Snyder Agreement with Enbridge Calls for Tunnel
The governor announced he had signed a formal agreement with Enbridge on November 27, taking his own advisory board, Michigan Indian tribes, Straits businessmen, and citizens by total surprise. While the agreement contained a few measures that could minimize some of the risks in event of a leak or rupture, including an infrequent shut-in of valves to stop the flow of oil in the Straits when wave conditions reached 8 feet, overall it allows Enbridge to keep operating Line 5.
But what the agreement really did was short circuit the Governor’s advisory board process for reviewing the DR revised alternative analysis and making recommendations on alternatives and risks for the State to make a good decision on how to protect the Great Lakes from the risks of Line 5. It also cut short citizen comment and the entire process and role of the public in participating in what was supposed to be a public, transparent process in which they played a meaningful role.
The short of it is the Governor signed a closed-door deal with a private corporation that usurped the rule of law and shunned the legal requirements for a comprehensive full-range evaluation of whether there are alternatives to crude oil in the Straits and the Great Lakes. The agreement provides for the “Evaluation of Alternatives to Replace the Dual Pipelines.” This means the Governor has usurped the rule of law and simply chopped off and narrowed the legally required alternative analysis to one option — a new tunnel or trench under or in the Straits of Mackinac. Enbridge is only required to do evaluate three alternative designs: tunnel, trench, or ditch. Without legislative approval, the governor narrowed the rule of law under the GLSLA that demands a full evaluation of alternatives to any risk from a crude oil in the Straits.
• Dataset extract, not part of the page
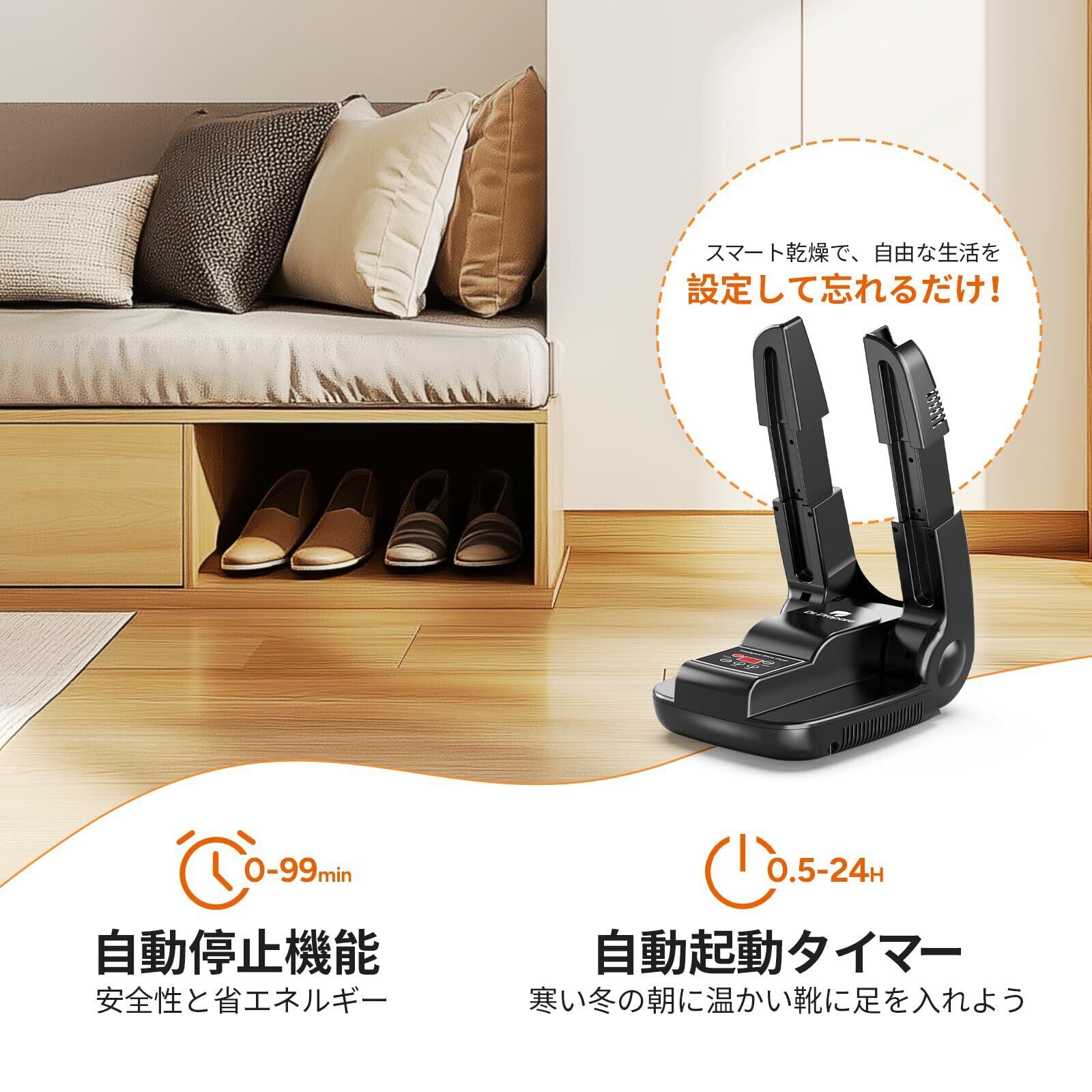 【タイマー機能付き】乾燥機はタイマー(最大99分)という設定があるので、靴の種類や濡れているの程度に基づいて靴の乾燥時間を決定できます、 さらに、予約機能のアクティベーションタイマー(0.5〜24時間)を使用すると、乾燥機の稼働を開始するタイミングを確認し、湿った靴を予約時間の通りに乾いて快適な状態に戻すことができます。

Advisory board questions agreement
The Governor’s agreement caused uproar at the December meeting of the Governor’s pipeline safety advisory board to review and listen to public comment on the DR revised alternative report. Except for one or two insiders close to the governor and Enbridge’s top brass, members were caught off guard by the agreement. Even more surprising was the packet of three resolutions handed out to the board by a few members who challenged the wisdom of the governor and recommended changes to the agreement.
After Enbridge’s and the state’s representatives on the board abstained, the remaining seven members voted in favor. Thanks to Roberts Rules of Order there was a quorum and the resolutions were adopted. While advisory only, one of the resolutions propounds that the governor should amend the agreement to require a comprehensive alternative evaluation of all of the full range of options to the needs, costs, benefits, and logistics of using the capacity or potential capacity of existing pipeline routes and infrastructure.
It is time the governor, Attorney General Bill Schuette, the DEQ, and our state leaders apply the rule of law, and stop putting Enbridge above the constitutional paramount concern for the public trust and Great Lakes. To move forward, there are only two actions: One, the Governor and state leaders must demand a full application under the GLSLA on the failed line design and anchor support structures and a showing by Enbridge that there are no feasible and prudent alternatives or combinations of alternatives using existing or adjusted infrastructure and design capacity within the pipeline network into and out of Michigan; two, if our leaders fail to take the first action, citizens, communities, and businesses should turn to the third branch of government.